Mike's right: Cree syllabics and "Kamloops Wawa" shorthand

Dave Robertson tuktiwawa at NETSCAPE.NET
Fri Feb 23 05:30:11 UTC 2001


LhaXayEm!

This gets kind of linguistic.  :-)

Mike's memory was right.  I have found something that looks like evidence of
influence from the Cree syllabaries on the Chinook Jargon shorthand used in
the newspaper "Kamloops Wawa".  Here's how it works:

In the article "Native Writing Systems" by Willard B. Walker in volume 17,
"Languages", of the Smithsonian Handbook of North American Indians (on page
177), there is an illustration of the "CHIPEWYAN SYLLABARIUM".
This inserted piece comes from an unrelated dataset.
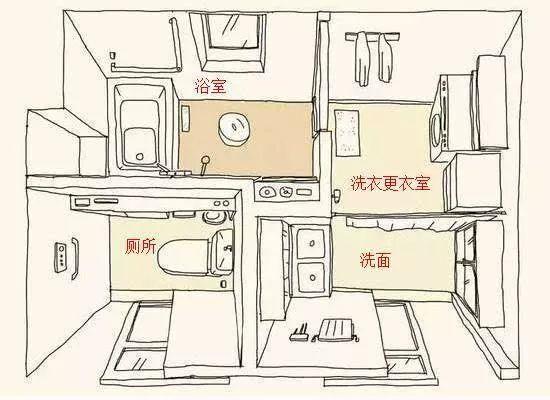 日本住宅的衛(wèi)浴空間,大多是按照上圖「四分離式」來設(shè)計(jì)布局的,浴室、洗衣更衣室、廁所、洗漱間各司其職互不打擾,使用上十分方便。

This was a syllabic writing system (i.e. like Japanese; a way of writing not
with symbols for each *sound* but for each *syllable*) invented by the
Anglican missionary William West Kirkby,

     "who, early in his career, had adapted John Horden's Moose Cree
hymnbook for use by the speakers of Western Swampy Cree at York
Factory, [and] published a Chipewyan 'syllabarium' in 1881...This
orthography was evidently derived in part from the Cree syllabics used
by the Oblates and differed in several respects from the Anglican
syllabics [for Cree]."  (page 176)

So, the influence of the Oblate Catholic missionaries is the first potential
link with the "Kamloops Wawa" writing system, which was evidently invented
by an Oblate a bit later.  Let's read on to see the second link.  Walker
notes,

     "Adapting the Cree-Ojibwa syllabary to Athapaskan languages [for
    example Chipewyan, as well as Slavey and Carrier] is no easy
task...Athapaskan languages...have many more consonants and consonant
clusters than Cree."  (page 177)

One consequence of this different sound-structure in Chipewyan was that Rev.
Kirkby added a series of symbols for "Finals", that is, sounds which can't
be written as syllables--generally because they are lone consonants at the
end of a word.  Now, the Cree-derived syllable symbols each stand for a
combination of CONSONANT + VOWEL, for example /wa/, /we/, /wi/, /wo/; /ba/,
/be/, /bi/, /bo/, and so on.  The problem Kirkby faced was how to write
syllables that end, not in a vowel, but in a consonant (like /wan/, /wed/,
/big/).

The Finals symbols that Kirkby invented to show syllable-final consonants
are what caught my eye.  There appear to be eleven of these, and four of
them (/d/, /l/, /m/, /n/) have shapes that are identical to the
corresponding sounds in "Kamloops Wawa" writing.

A further three (/k/, /g/, /s/) have forms nearly identical to the
corresponding sounds in "Kamloops Wawa's" shorthand.

This looks like much too close a resemblance to be coincidental.

I'm hoping to be able to investigate the earlier Oblate sources mentioned,
for insight into the formation of the shorthand used in writing the Jargon
in "K.W.".

Incidentally, the Chipewyan syllabary has a consonant sound "kl", which I
take to be the voiceless lateral that we also have in Chinook Jargon--and in
the Jargon, it was also often represented in writing as <kl>.